Remember to keep your reports and dashboards clear, concise, and visually appealing. Use appropriate charts and graphs to convey insights effectively, and provide context and explanations where necessary.
In the next section, we'll discuss how to leverage the insights from your multi-touch attribution model to optimize your marketing campaigns and drive better business outcomes.
Multi-touch attribution provides a more comprehensive view of channel performance by considering the entire customer journey, from the initial touchpoint to the final conversion. By assigning credit to each touchpoint based on its contribution to the conversion, you can gain a deeper understanding of how different channels and campaigns work together to drive results.
Armed with these insights, you can make data-driven decisions to optimize your marketing spend and tactics. For example, if you find that certain channels consistently drive high-quality leads that convert well, you may want to allocate more budget to those channels. Conversely, if a particular campaign or channel is not delivering the desired results, you can adjust your strategy or reallocate resources to more effective initiatives.
It's important to remember that there is no one-size-fits-all attribution model.

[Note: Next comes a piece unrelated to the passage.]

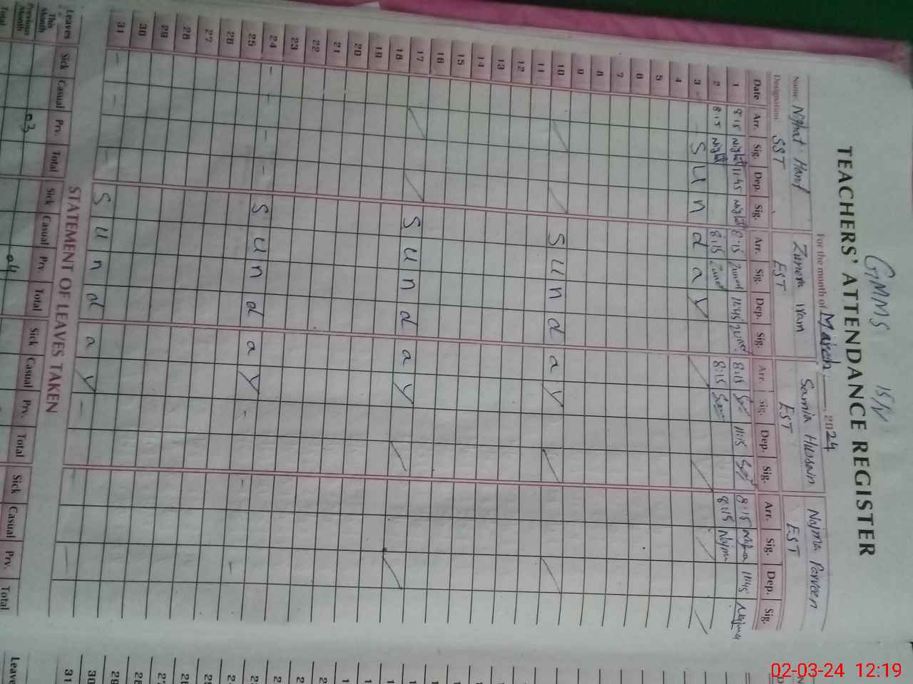 | CNIC | Full Name | Designation | R/C | Absence During Last Calender Month |

The best model for your business will depend on factors such as your industry, customer behavior, and marketing goals. Therefore, it's essential to experiment with different attribution models and compare the insights they provide. By testing and refining your approach over time, you can develop a customized attribution model that accurately reflects the unique dynamics of your business.

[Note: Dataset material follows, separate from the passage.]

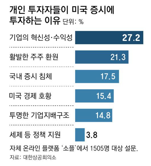 미국 투자를 선호하는 이유는 ‘기업의 혁신성·수익성’(27.2%)이 꼽혔다. ‘활발한 주주 환원’(21.3%), ‘국내 증시 침체’(17.5%), ‘미국 경제 호황’(15.4%), ‘투명한 기업 지배구조’(14.8%) 등이 뒤를 이었다.

Building a multi-touch attribution model in Google Analytics 4 using BigQuery offers numerous benefits for data-driven marketers. By leveraging the power of GA4's enhanced data collection and BigQuery's robust querying capabilities, you can create a customized attribution model that provides a more accurate and comprehensive view of your marketing performance.
One of the key advantages of this approach is the level of control and flexibility it offers. By building your own attribution model, you can tailor it to your specific business needs and goals, rather than relying on the default models provided by ad networks. Additionally, by connecting your attribution model to downstream systems, such as your CRM or marketing automation platform, you can gain a more holistic view of your customer journey and make more informed decisions.
If you're looking to take your marketing analytics to the next level, consider exploring Rittman Analytics' services for data analytics and centralization. Our team of experts can help you build a customized attribution model, integrate your data sources, and provide actionable insights to drive your business forward.
By embracing multi-touch attribution and leveraging the power of GA4 and BigQuery, you can unlock valuable insights, optimize your marketing campaigns, and ultimately achieve better business outcomes.